EXERCISE MATERIAL –

'''

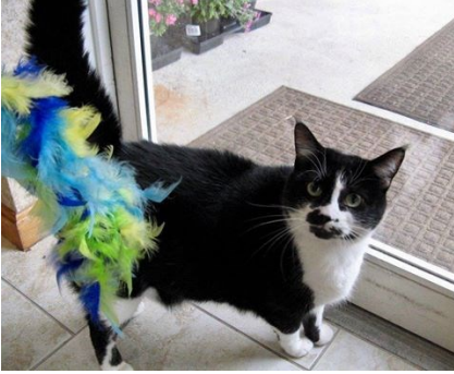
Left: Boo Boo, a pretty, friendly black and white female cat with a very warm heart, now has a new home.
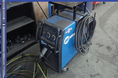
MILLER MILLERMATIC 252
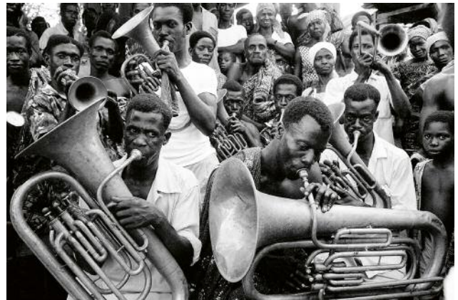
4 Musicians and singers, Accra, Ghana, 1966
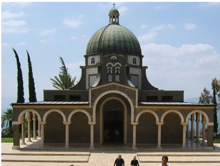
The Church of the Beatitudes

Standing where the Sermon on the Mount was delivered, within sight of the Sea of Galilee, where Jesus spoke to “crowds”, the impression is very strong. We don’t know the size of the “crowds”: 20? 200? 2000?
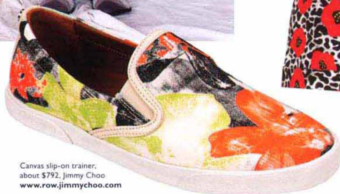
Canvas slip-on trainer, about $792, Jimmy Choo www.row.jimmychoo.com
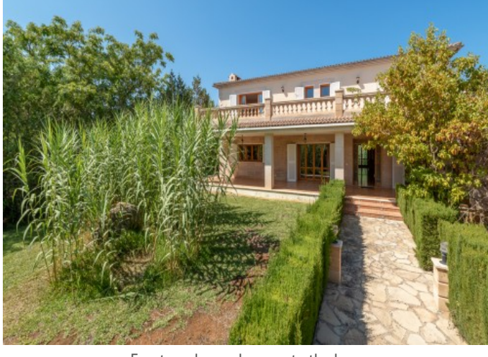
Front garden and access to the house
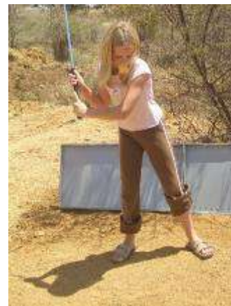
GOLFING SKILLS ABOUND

'''
'''

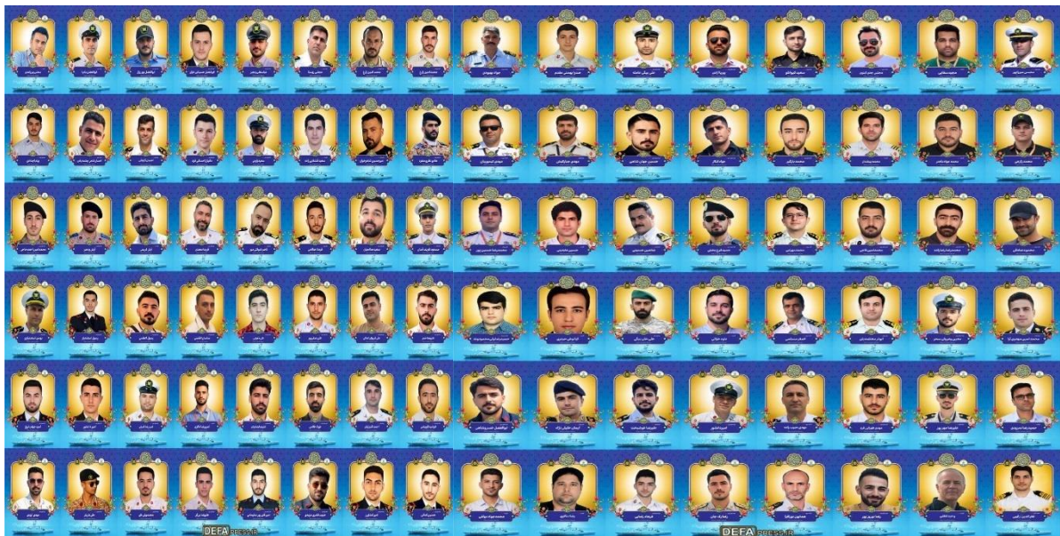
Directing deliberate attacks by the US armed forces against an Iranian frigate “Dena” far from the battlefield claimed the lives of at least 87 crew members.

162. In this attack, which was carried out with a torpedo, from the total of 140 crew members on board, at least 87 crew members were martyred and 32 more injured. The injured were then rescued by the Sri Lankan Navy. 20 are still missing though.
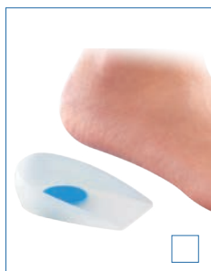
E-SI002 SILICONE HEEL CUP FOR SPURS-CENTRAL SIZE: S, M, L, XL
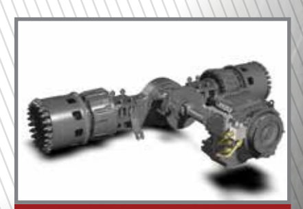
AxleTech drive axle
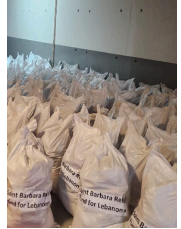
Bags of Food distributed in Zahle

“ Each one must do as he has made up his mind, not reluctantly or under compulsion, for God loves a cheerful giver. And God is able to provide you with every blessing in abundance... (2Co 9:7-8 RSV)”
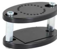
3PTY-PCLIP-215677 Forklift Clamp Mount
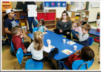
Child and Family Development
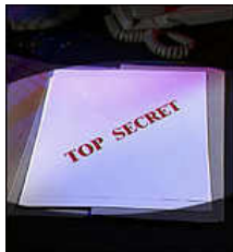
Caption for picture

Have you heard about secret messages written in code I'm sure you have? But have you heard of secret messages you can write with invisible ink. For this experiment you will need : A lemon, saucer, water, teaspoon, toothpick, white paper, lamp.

'''

YOUR ASSIGNMENT – For this exercise, set down the lines in the entries above from the one with "Bags of Food distributed in Zahle" through the one with "Have you heard about" exactly as written, without any pictures.

OUTPUT OF THE EXERCISE –
Bags of Food distributed in Zahle

“ Each one must do as he has made up his mind, not reluctantly or under compulsion, for God loves a cheerful giver. And God is able to provide you with every blessing in abundance... (2Co 9:7-8 RSV)”
3PTY-PCLIP-215677 Forklift Clamp Mount
Child and Family Development
Caption for picture

Have you heard about secret messages written in code I'm sure you have? But have you heard of secret messages you can write with invisible ink. For this experiment you will need : A lemon, saucer, water, teaspoon, toothpick, white paper, lamp.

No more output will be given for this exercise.